Okay I have Nigerian Dwarf Goats and want to get involved with showing them. I don't know what show "Legs" are or most any other show words. I looked at ADGA and found a few helpful documents but does anyone have any links to how shows work, what you do besides show up, the meaning of show words, what categories show at what venues, what to start with, etc. Thanks for your time!


----------



## Dairy_goat (Apr 11, 2015)

I believe that every time you win GCH with a breed at a show you receive a "leg" once 3 "legs" are acquired then your goat becomes a permanent champion. A dry doeling can get one leg but the other 2 legs have to be obtained when they are in milk, I believe. Someone please correct me if I am wrong.
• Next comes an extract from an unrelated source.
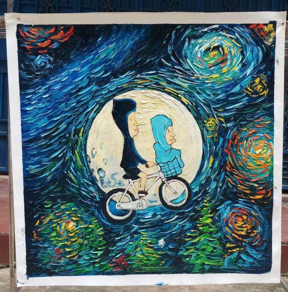 Bring home the whimsical nostalgia and artistic flair of Beavis and Butthead with this exclusive oil painting. It's not just a decorative item; it’s a story, a conversation starter, and a piece that breathes life into your walls. Choose our painting to elevate your home decor with unique artistry that resonates with fans and art lovers alike.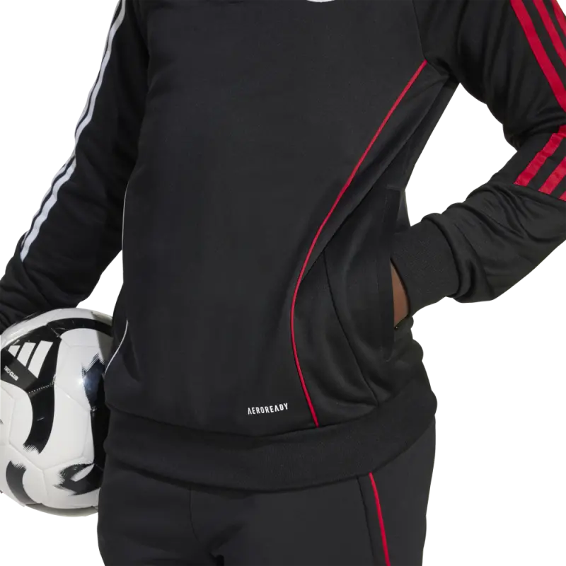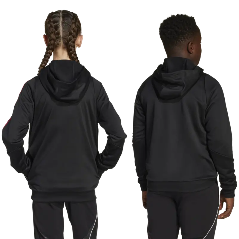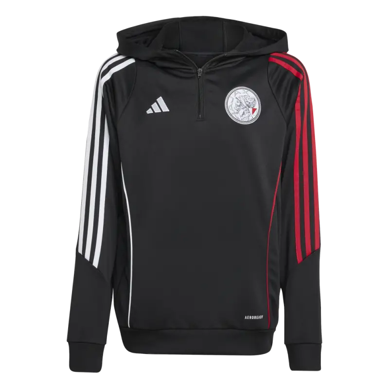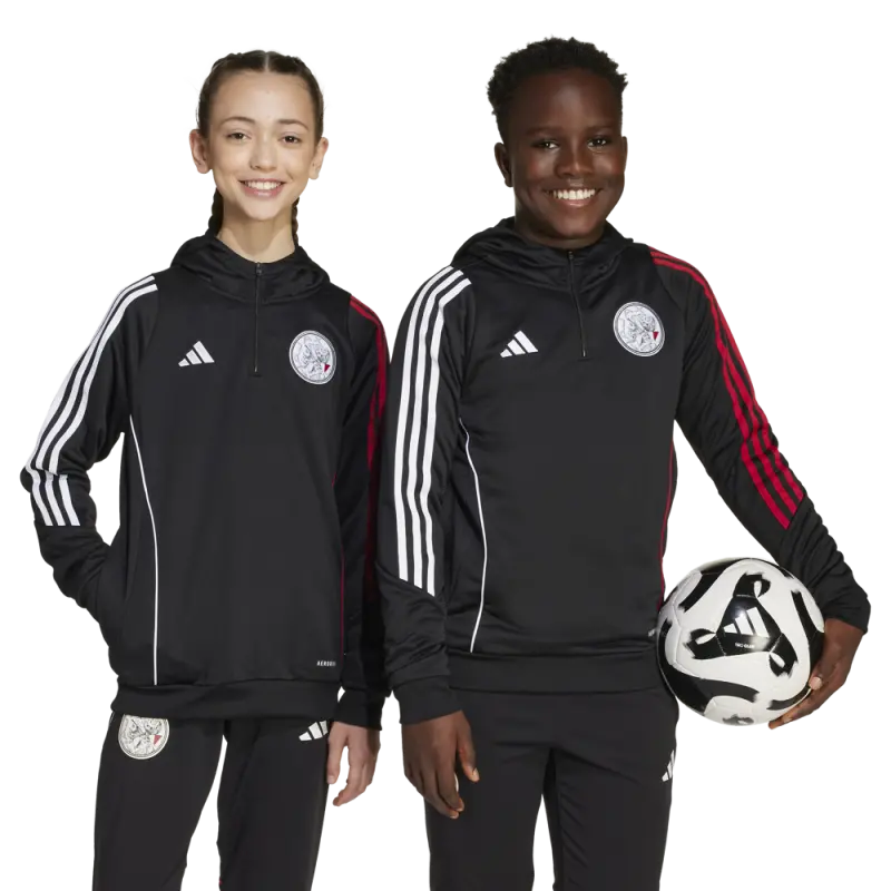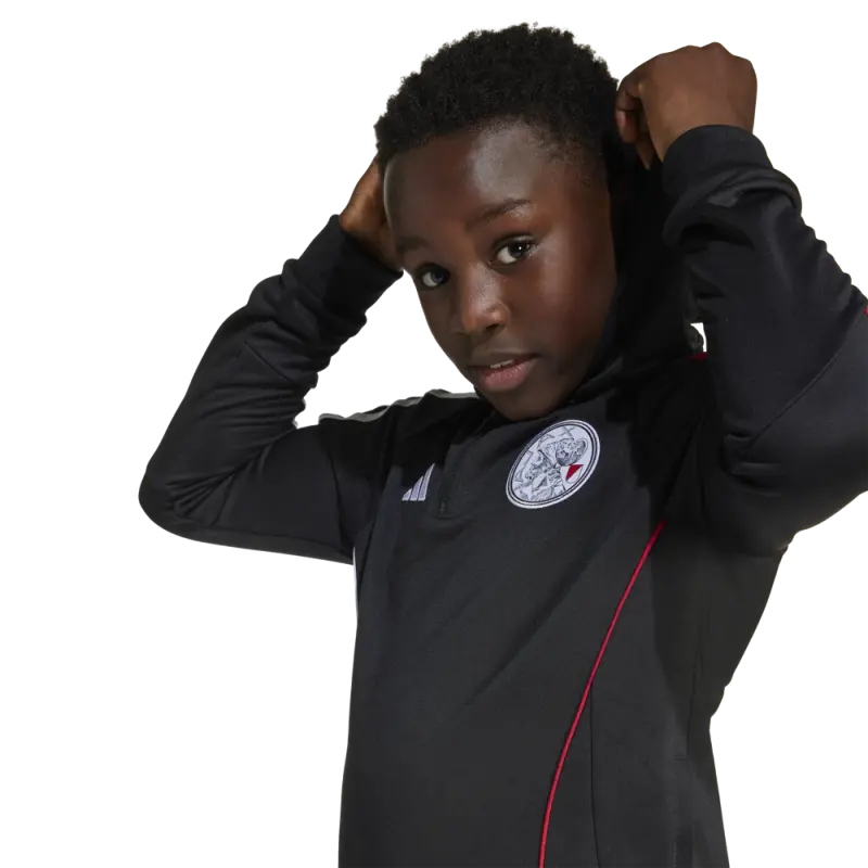 The Ajax Training Hoodie 25/26 has a half-zip, hood with drawstring, and long sleeves. The adidas stripes on the shoulders are red on one side and white on the other. For optimal freedom of movement, the hoodie is equipped with a fine stretch.

My best advice is to go to a show where you might exhibit your goats in the future and watch a goat show, or ask a friend who shows goats to tag along and help at a show. Also you can watch some old ADGA goat shows on youtube. I hope someone has some better answers than mine, but I hope this helps! :: 


I have some extra questions to ask (as I am a newbie at showing goats as well) What is a three ring goat show? Could a goat earn legs in an ADGA sanctioned youth show?


----------



## nicolemackenzie (Dec 27, 2014)

You can earn legs if it's adga sanctioned so long as there are a minimum number of animals shown.

One dry leg is allowed the other two in milk and then you can be a CHampion. I believe you just need best in breed not in show.

Best in show is GCH I think.


----------